4 タウロスクレタイオスと牛乳
ゴウのお嫁さんになった。
ゴウは、真面目で丁寧で辛抱強く律儀で、しつこくてねちっこくて往生際が悪かった。――――往生際。人のこと言えないか。
とにかくもう日が高いのに、腰砕けで起き上がれない。こんな時魔法が使えれば、自分を回復させるのに。
そう思ったら、ふわっと温かい風が吹いた様な気がした。驚いて起き上がると、起き上がれた。……もしかして回復した??

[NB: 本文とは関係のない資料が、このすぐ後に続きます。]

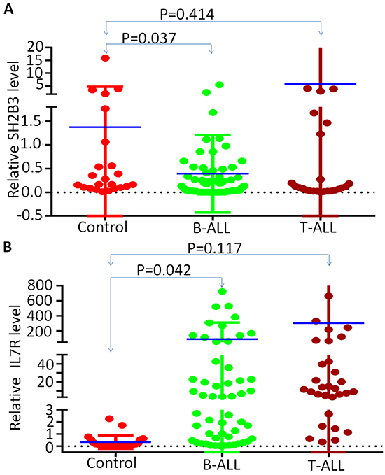 IL7R and SH2B3 expression in patient samples was quantitated as previously described [29, 40]. The expression level of IL7R or SH2B3 was normalized to 18s RNA and expressed as gene expression value of IL7R or SH2B3/18s RNA.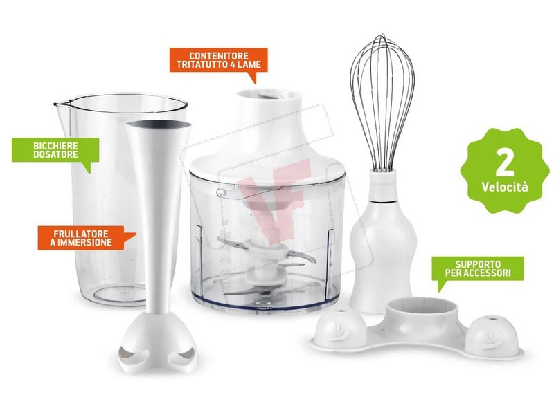 Design compatto, multifunzione 3 in 1 (frullatore-tritatutto-frusta) 2 velocità, lame in acciaio inox, impugnatura ergonomica, facile da lavare e pulire, ideale per tagliare, tritare, sbattere e schiacciare ogni tipo di cibo, cm. 20x14x24 h. In dotazione: frusta emulsionante in acciaio inox, accessorio tritatutto ml. 500, bicchiere dosatore ml. 650, supporto per accessori.

試しに自分たちを浄化してみれば、きれいになった。――――これはもしかして……。
「ゴウ、起きて! あなたの魔法の力、取っちゃったかもしれない!」
「……ん、別にいい。」
「よくないよ! 何か魔法使ってみて!」
「……ん。」
ゴウが手を上げると、部屋中に花吹雪が舞い踊り、そして消えた。
「ピアは花好き?」
「花。……うん、お花は好きだよ。……ゴウの魔法、消えてなかったね。じゃあなんで私も魔法が使えるようになったんだろう。」
「ピア、困る?」
あまり表情の変わらないゴウが、眉根を寄せた。
「ううん、困らない。嬉しいよ。でもこれも二人だけの秘密だね。」
「分かった。」
「……ところで、配給品を貰いに行く時間は決まってないの?」
「中庭に日が差したら取りに行く。」
「……それってすぐじゃない?? 起きなきゃ!」
「分かった。」
回復と浄化のおかげですぐに起きられる。昨日と同じ様なだぼだぼワンピに着替える。そういえばブラはパーシパエの所で脱いだきりだ。ちょっと落ち着かない。パンツはゴムじゃないけどそれっぽいのがあるのに。
中庭に出る前にゴウに確認する。
「服を着たまま牛になったら服はどうなる?」
「破れる。」
「そっか。分かった。」
ちょうど服を着ていなかったゴウは、そのまま牛になって中庭に出る。
「どう? もう時間?」
「まだ大丈夫。」
「……ここって時計はないの?」
「鐘がなる。でもみんな時間は気にしない。」
スローライフってこういうことだっけ?でも人を待たせてると思うと落ち着かない。
「そうなんだ……。じゃあご飯食べよ。昨日と同じだけどね。」
キッチンでまた人に戻るゴウ。忙しない。内側にも扉が欲しい。扉は無理でもくり抜けないかな。……まあそれは後で。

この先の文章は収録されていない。